Hans Stöckli, maire de Bienne.
«Je l’ai très régulièrement côtoyé, je lui ai encore téléphoné le week-end dernier. Je suis très triste et très choqué de la mort de M. Hayek. J’avais l’impression qu’il serait actif éternellement. Il avait 82?ans mais toujours bouillonnant d’idées. Il est irremplaçable et va laisser un vide qu’on ne pourra pas combler. La Suisse lui doit le renouvellement de l’industrie horlogère. Il y a trente ans, on voulait vendre Omega aux Japonais! Ce n’était pas seulement un entrepreneur, mais un vrai patron avec une sensibilité sociale. Durant la crise, il n’a licencié personne. Il avait sa porte toujours ouverte quels que soient les problèmes. C’était l’entrepreneur suisse le plus connu dans le monde entier. Et même s’il portait plusieurs montres au poignet, jamais il n’a compté son temps lorsqu’on venait le voir. Il était disponible, avec une capacité d’analyse hors du commun. On lui exposait un problème et il voyait immédiatement les forces et les faiblesses, et nous donnait un avis. Bienne lui doit énormément. Son rapport a largement contribué à sauver Expo.02. Il avait des avis tranchés mais il respectait énormément la politique et la démocratie directe. Il s’intéressait vraiment à la Suisse. Il a été un des premiers à critiquer les banques. Je l’ai énormément respecté. C’était un exemple.»

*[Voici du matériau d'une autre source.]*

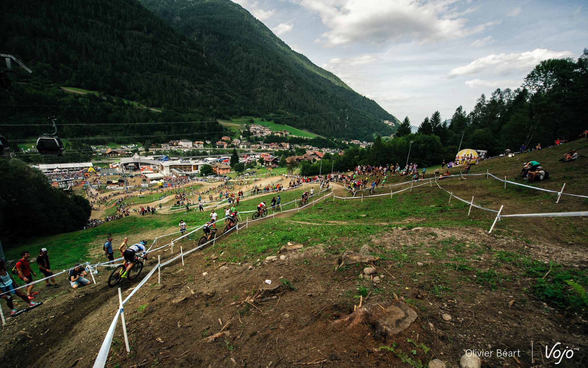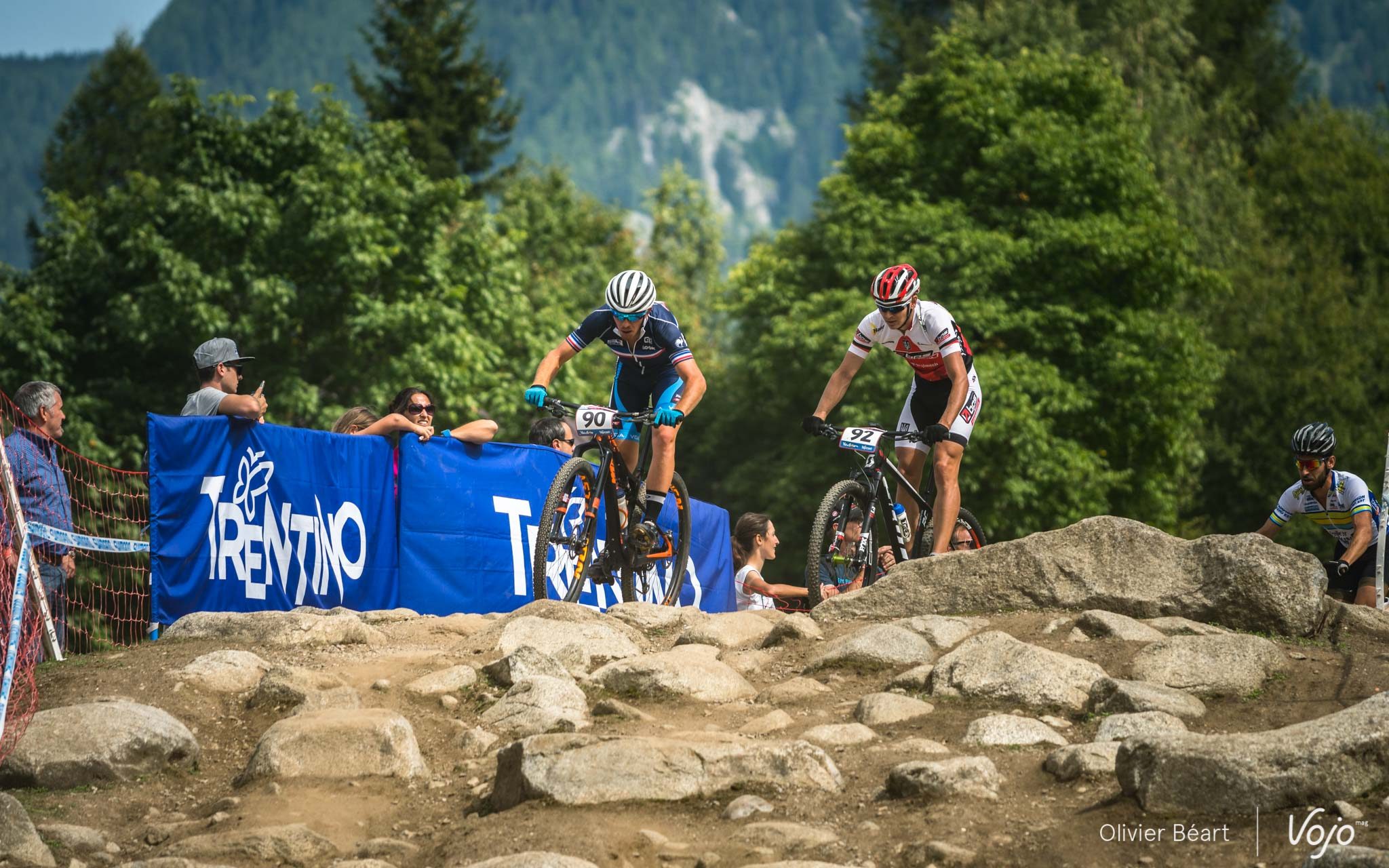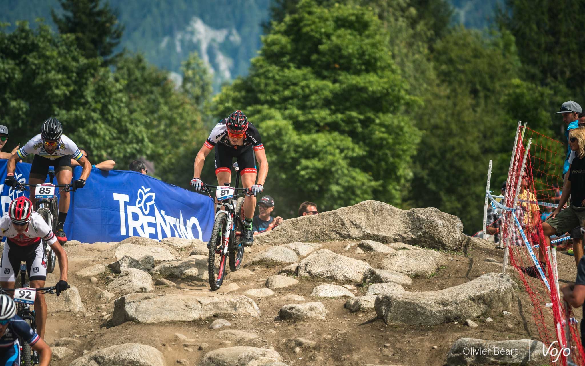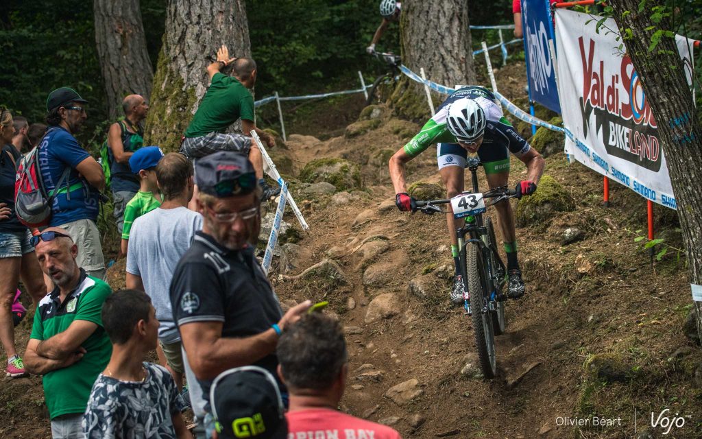 Au même moment, Julien Absalon se débat encore dans le trafic. Mais il ne s’est pas retrouvé complètement bloqué comme à Mont-Ste-Anne et la piste de Val di Sole offre plus de possibilités de dépassement. Avec son coéquipier Lars Forster, ils vont doucement remonter vers les premières places.

Yvan Perrin, vice-président de l’UDC suisse.
«Les avis de Nicolas Hayek étaient très écoutés. Il était souvent extrêmement critique mais indéniablement crédible. Je dirais qu’en Suisse il avait la stature d’un Warren Buffett aux Etats-Unis. Il avait toujours un coup d’avance. Il a su anticiper et se préparer. C’est d’ailleurs ce sens de l’anticipation qui est une
des clés de la réussite du Swatch Group. Le canton de Neuchâtel lui doit énormément et je dirais que, dans la situation que nous connaissons, on a besoin d’hommes comme lui. Son hostilité aux dérives du système bancaire est cohérente. Dans le domaine politique, il a toujours eu la position d’un entrepreneur qui se bat pour les emplois, et jamais celui d’un spéculateur. Je n’ai jamais décelé de sympathie particulière pour un parti politique. Je crois qu’il était tout simplement un entrepreneur apolitique.»

Alain Berset, conseiller aux Etats PS/FR.
«Nous avions des contacts réguliers avec lui. En juin de l’année passée, le groupe socialiste est allé en course d’école à Bienne et nous l’avons rencontré. C’était un moment très fort. Il était très vif, avec une analyse politique très fine, très pointue. Il a dénoncé sans relâche les dérives de l’économie et de la finance. Je n’ai pas l’intention de faire de la récupération politique, mais s’il était proche du Parti radical, je dirais que c’était d’un Parti radical à l’ancienne. Nicolas Hayek avait une stature qui lui permettait d’intervenir dans le débat politique avec légitimité. Dans les années 1990, déjà, il a dénoncé la hauteur du franc suisse, qui posait un problème pour les emplois et pour les exportations. Je crois que ses critiques étaient apolitiques, mais, pour nous, il a de fait été un appui très fort dans la critique que nous avons faite depuis trois ans sur les dérives du système bancaire.»

Fulvio Pelli, président du PLR.
«C’était un entrepreneur assez extraordinaire de par son courage et son sens de l’innovation. Dans les discussions politiques, ce n’était pas un homme facile, il était très sûr de lui, pas très modeste, mais c’était quelqu’un avec qui il était très intéressant de discuter. Il se disait proche du Parti libéral-radical, et en ce sens, il n’hésitait pas à se montrer très critique et à faire entendre sa voix. Au moment de la crise financière, je suis allé lui rendre visite. Il avait une vision assez critique sur le système bancaire et, pour moi, c’était intéressant d’entendre commenter une réalité politique à partir d’un autre point de vue.»